Human MHC genes are found spread over a 7 Mb (megabase pair) genomic region on chromosome 6, where the MHC genes are linked but interspersed with non‐MHC genes (Chin et al., 2020; Jain et al., 2018). Human MHC (human leucocyte antigen [HLA]) class I alleles in open reading frame are found at six different loci (HLA‐A, ‐B, ‐C, ‐E, ‐F, ‐G) and the majority of these have orthologous loci in other great apes (Hominidae), lesser apes (Hylobatidae), and other primate clades (monkeys) (Shiina & Blancher, 2019). Interestingly, several of the MHC class I genes have been tandemly duplicated in monkeys as characterized in the cynomolgus macaque, Macaca fascicularis (Shiina & Blancher, 2019). Cynomolgus macaques have several MHC class I loci with a large number of paralogues, whereas humans only have a single MHC class I gene copy per locus (Figure 3). The structural genomic organization of MHC is relatively conserved among mammals but strikingly different in other vertebrate groups such as fish and birds (Balakrishnan et al., 2010; Chen et al., 2015; Shiina et al., 2007; Yamaguchi & Dijkstra, 2019). There has been a particular interest in studying MHC in wild birds, probably because early on it was hypothesized that MHC could influence traits that affect mate choice (Zelano & Edwards, 2002). Songbirds have highly duplicated MHC class I and IIB genes, many paralogues, and although the number of MHC alleles per individual, over a large number of paralogues, can be measured using high‐throughput amplicon sequencing, the genomic organization of the MHC genes is still to a large extent unknown (Balakrishnan et al., 2010; Biedrzycka et al., 2017; O'Connor et al., 2016; Sutton et al., 2018).

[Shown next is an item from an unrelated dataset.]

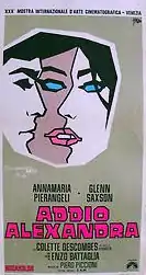 Addio Alexandra is an Italian romantic drama film, released in 1969. It stars Pier Angeli, Glenn Saxson and Colette Descombes.[1] The film premiered out of competition at the 30th Venice International Film Festival.[2]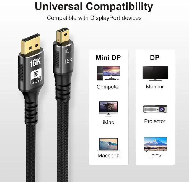 Universal CompatibilityThe 16K connection cable is ideal for devices with Mini DP/Thunderbolt2 port, such as Acer Predator Helios 500, Alienware x17 R2, Dell Precision 7760, NUC11PHKi7CAA, Surface Pro6, Surface Studio, Surface Book, Surface Dock, Surface Laptop2, MacBook Pro Retina 15" 2015, iMac Retina 4K 2015, iMac Retina 5K 2015, Mac mini 2014, Mac Pro 2013. Please check your port carefully before purchasing the Mini Displayport 2.1 Cable.

In summary, classical MHC genes; (i) have high polymorphism, (ii) have high sequence divergence among alleles within species in the exons that encode the antigen binding region but low sequence divergence in the exons that encode the structural parts, (iii) are often found in a synteny of tandemly duplicated paralogues within loci, and (iv) are found in genomic regions with accumulation of repetitive sequences (TEs).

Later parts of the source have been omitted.